The Rail Budget is an innovative comprehensive plan for modernisation of infrastructure and improving the customer experience, according to India Inc.

Rajeev Jyoti, Chief Executive of Larsen & Toubro Ltd, said: “In earlier years, we’ve gone around the range for ₹50,000-60,000 crore, this time it’s ₹1,10,000 crore (of planned expenditure). This very clearly demonstrates that the Government is looking to kick-start the economy using the Railways.”

Prabhu talked about pension funds and creating state-level joint ventures. There is a creativity element that he’s demonstrated, Jyoti added.

Umesh Choudhury, VC and MD, Titagarh Wagons Ltd, said the proposal for an independent regulator will ensure that private investment is protected and encouraged. “Measures like utilising railway land to make a logistics corporation will indirectly ensure that one of the biggest constraints to operators, that is, the non-availability of land will be dissolved,” he said.
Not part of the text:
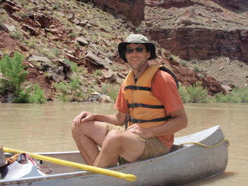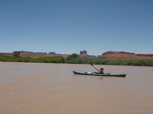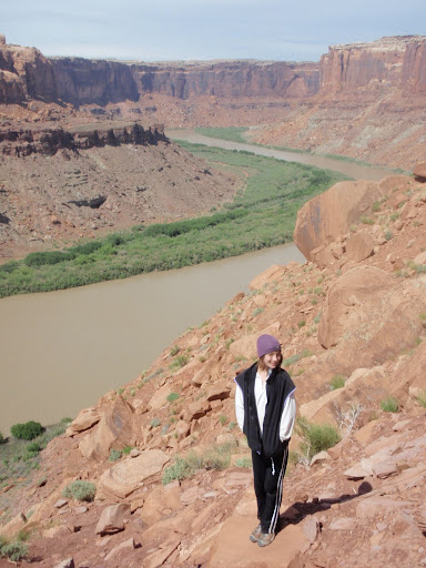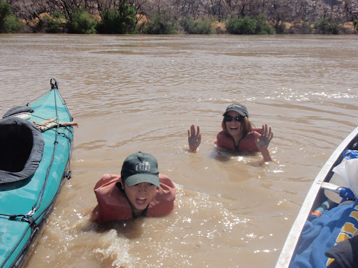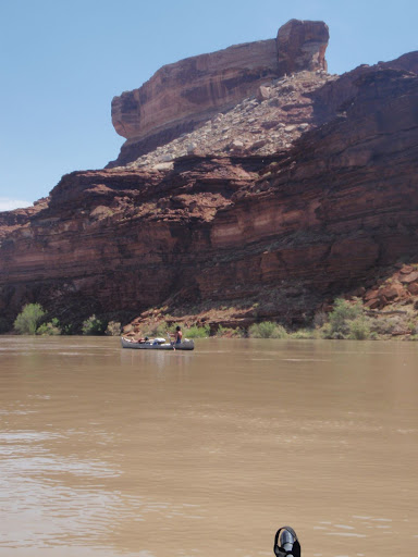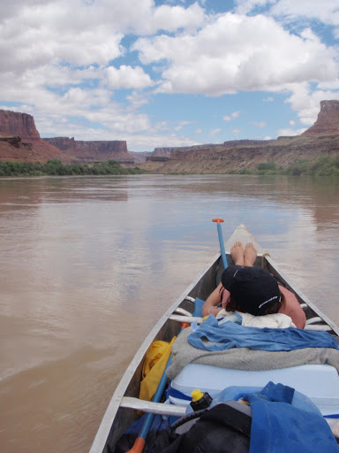 Shortly thereafter we were on the river for our final bittersweet five miles of (what's it called, boys and girls?) paddling. After one quick mile we reached the convergence of the Green with the more voluminous Colorado river. At this point you could see the two rivers, with their different silt compositions, and thus different colors, swirling together, becoming one. Aliy snapped a perfect self-portrait with the canoe in the background just above the convergence:
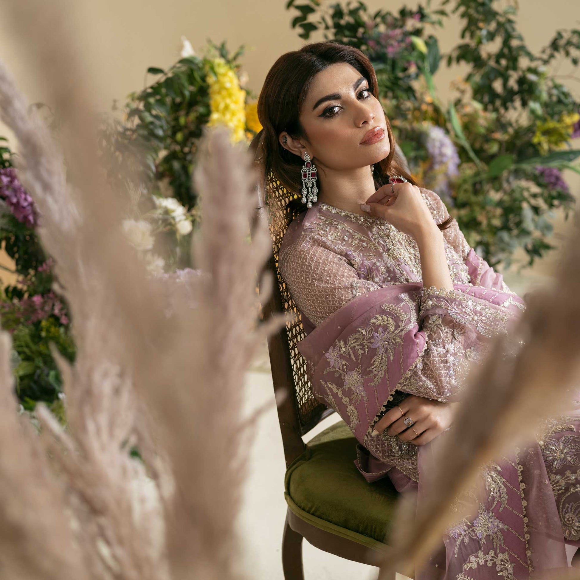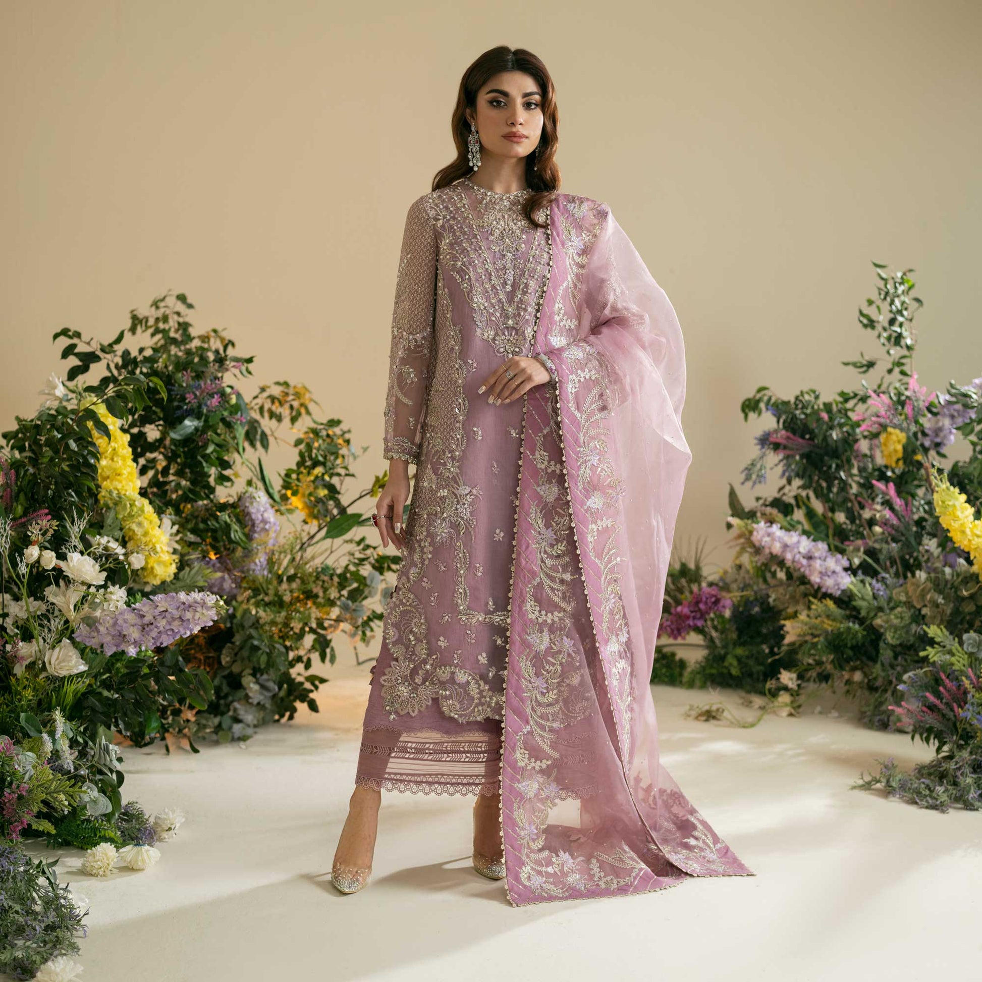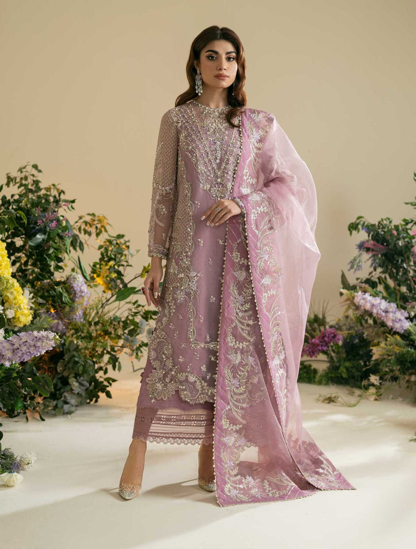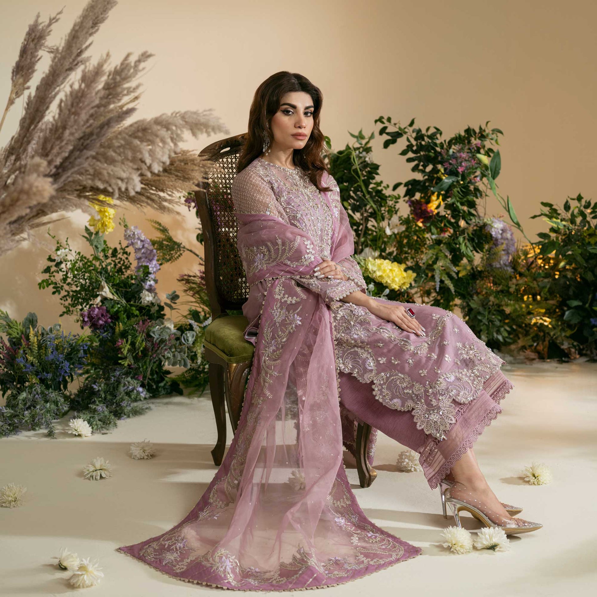 A harmony of light pink and lavender hues. The organza shirt and raw silk trousers are a canvas for exquisite embroidery, featuring a rich interplay of pearls, dabka, kiran, stones, Tilla, and meticulous thread work. This luxury formal ensemble is a testament to masterful craftsmanship, elevating your presence with every step. Draped in its celestial beauty, you embody the epitome of poise at any grand affair.

Nalin Jain, President & CEO, GE Transportation, said: “The goal of having 1.5 billion tonnes of freight is significant and the only way to do that is capacity expansion.” Short-term measures such as increasing sidings length, doubling trains, quadrupling the tracks are all low-hanging fruits which can be achieved to deliver on the 88.5 per cent operating ratio and managing the ₹1,10,000 crore of investment.

Satish Chander, Director General, Fertiliser Association of India (FAI), said the subsidy component will increase with the freight hike, which will have a negative impact. Freight subsidy payments are not made on time so working capital and interest costs will rise. He added nearly 80 per cent of urea is transported by train and felt the subsidy could go up by about ₹300 crore.

Industry bodies like CII, FICCI, and Assocham also welcomed the Budget proposals.